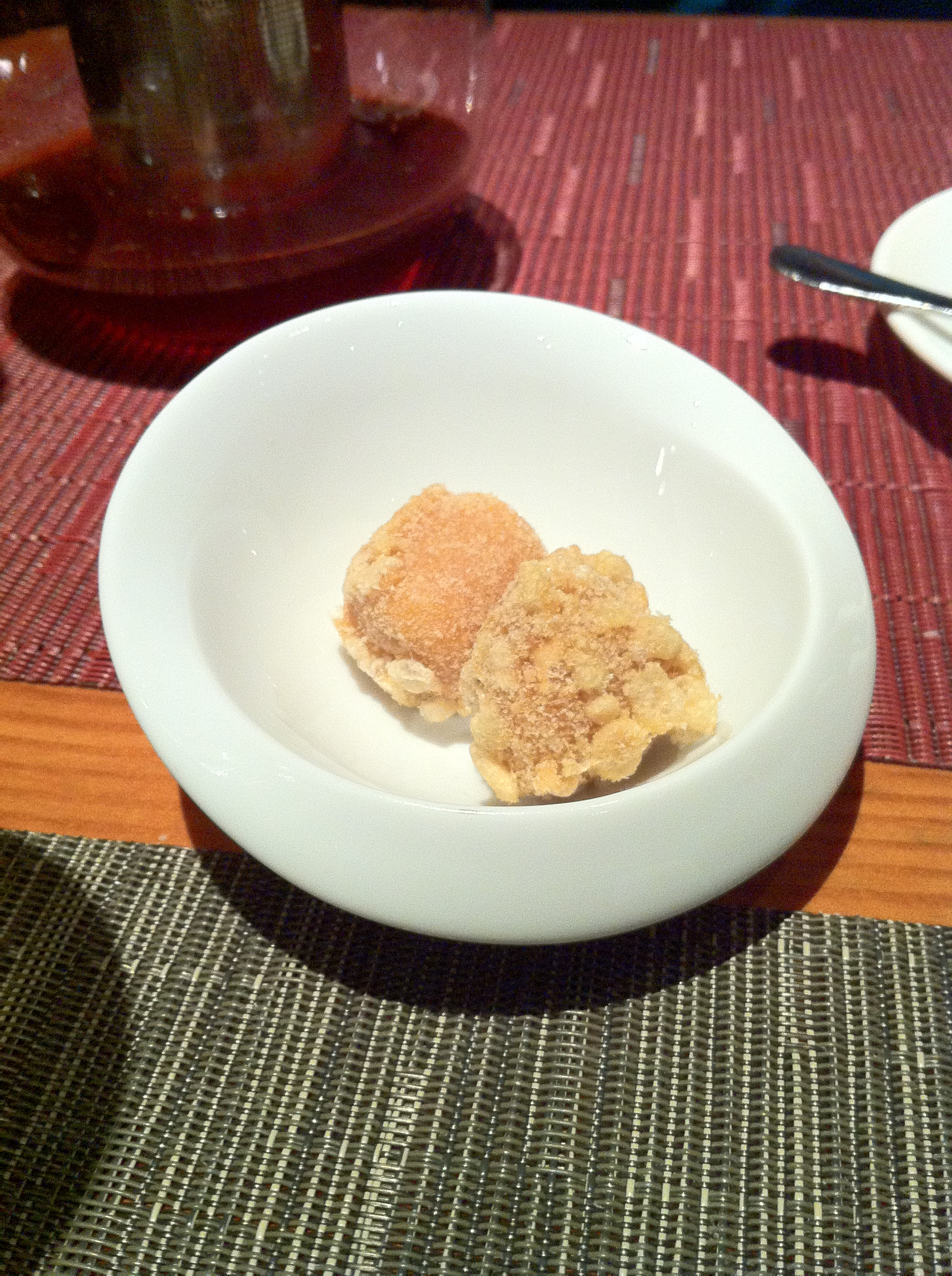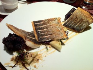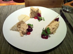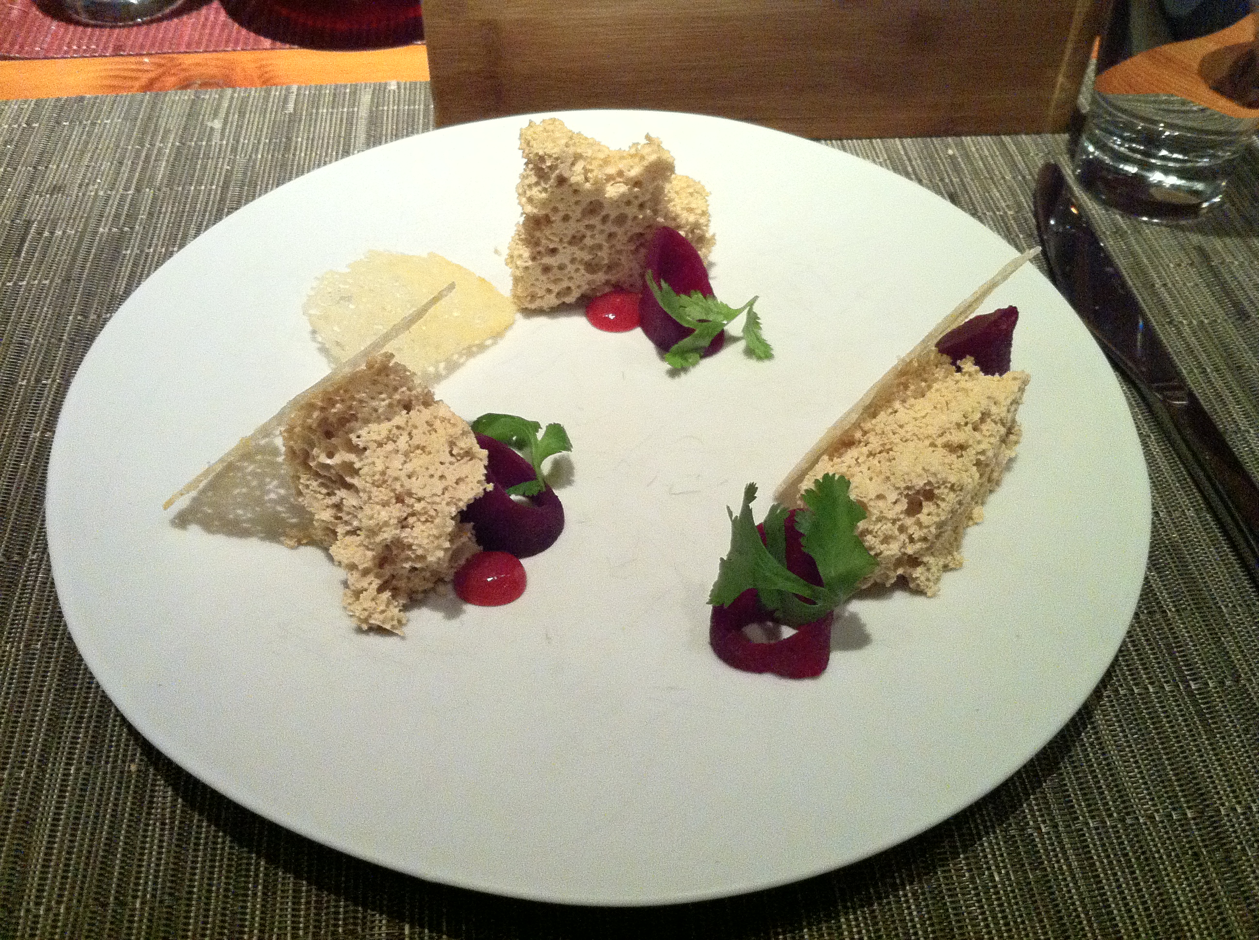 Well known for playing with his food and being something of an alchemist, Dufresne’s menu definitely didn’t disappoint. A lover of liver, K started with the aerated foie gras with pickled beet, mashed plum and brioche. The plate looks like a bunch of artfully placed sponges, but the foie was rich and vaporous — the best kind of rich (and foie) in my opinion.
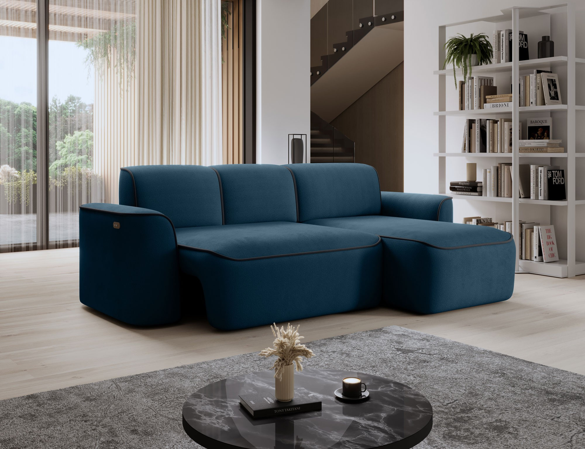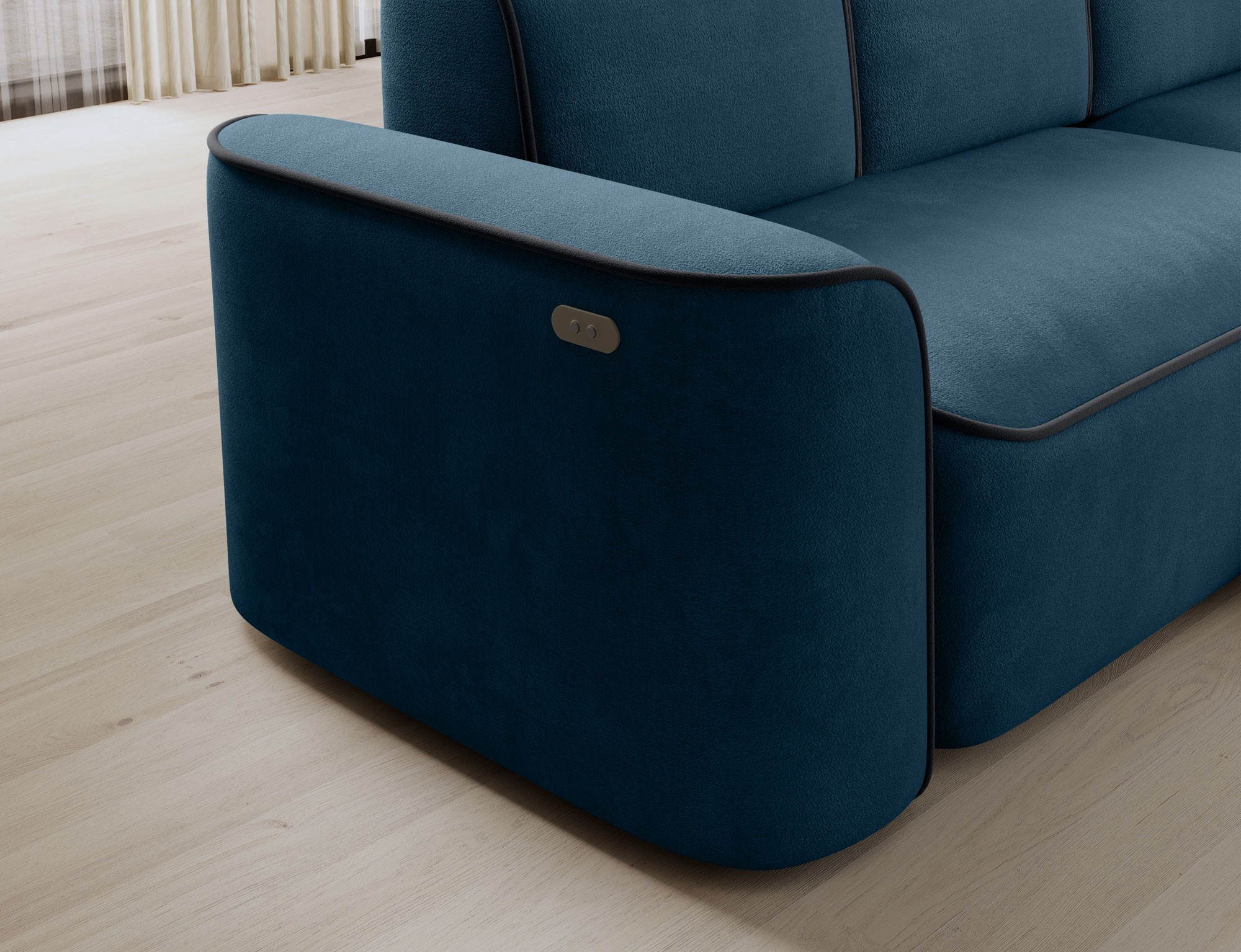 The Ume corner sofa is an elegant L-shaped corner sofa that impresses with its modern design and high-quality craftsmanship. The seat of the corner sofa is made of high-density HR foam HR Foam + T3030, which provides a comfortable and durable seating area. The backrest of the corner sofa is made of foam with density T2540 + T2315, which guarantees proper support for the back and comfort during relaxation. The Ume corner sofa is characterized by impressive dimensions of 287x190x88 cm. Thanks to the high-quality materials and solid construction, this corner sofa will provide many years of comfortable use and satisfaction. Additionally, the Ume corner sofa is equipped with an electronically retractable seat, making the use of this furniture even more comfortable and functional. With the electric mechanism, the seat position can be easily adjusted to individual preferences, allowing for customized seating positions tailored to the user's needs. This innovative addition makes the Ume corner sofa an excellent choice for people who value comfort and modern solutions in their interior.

* * *

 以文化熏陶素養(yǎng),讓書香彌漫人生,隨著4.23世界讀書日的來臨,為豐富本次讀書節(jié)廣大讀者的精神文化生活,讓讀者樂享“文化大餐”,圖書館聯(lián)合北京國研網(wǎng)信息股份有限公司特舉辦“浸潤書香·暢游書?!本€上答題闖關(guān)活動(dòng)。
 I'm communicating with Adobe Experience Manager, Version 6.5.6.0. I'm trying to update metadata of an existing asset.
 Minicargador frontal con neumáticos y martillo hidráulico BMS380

### Brief
Take the line above containing "I'm communicating with", the line containing "Minicargador frontal con", and all lines in between, and copy them exactly without anything else.

### Response to the task
 I'm communicating with Adobe Experience Manager, Version 6.5.6.0. I'm trying to update metadata of an existing asset.
 Minicargador frontal con neumáticos y martillo hidráulico BMS380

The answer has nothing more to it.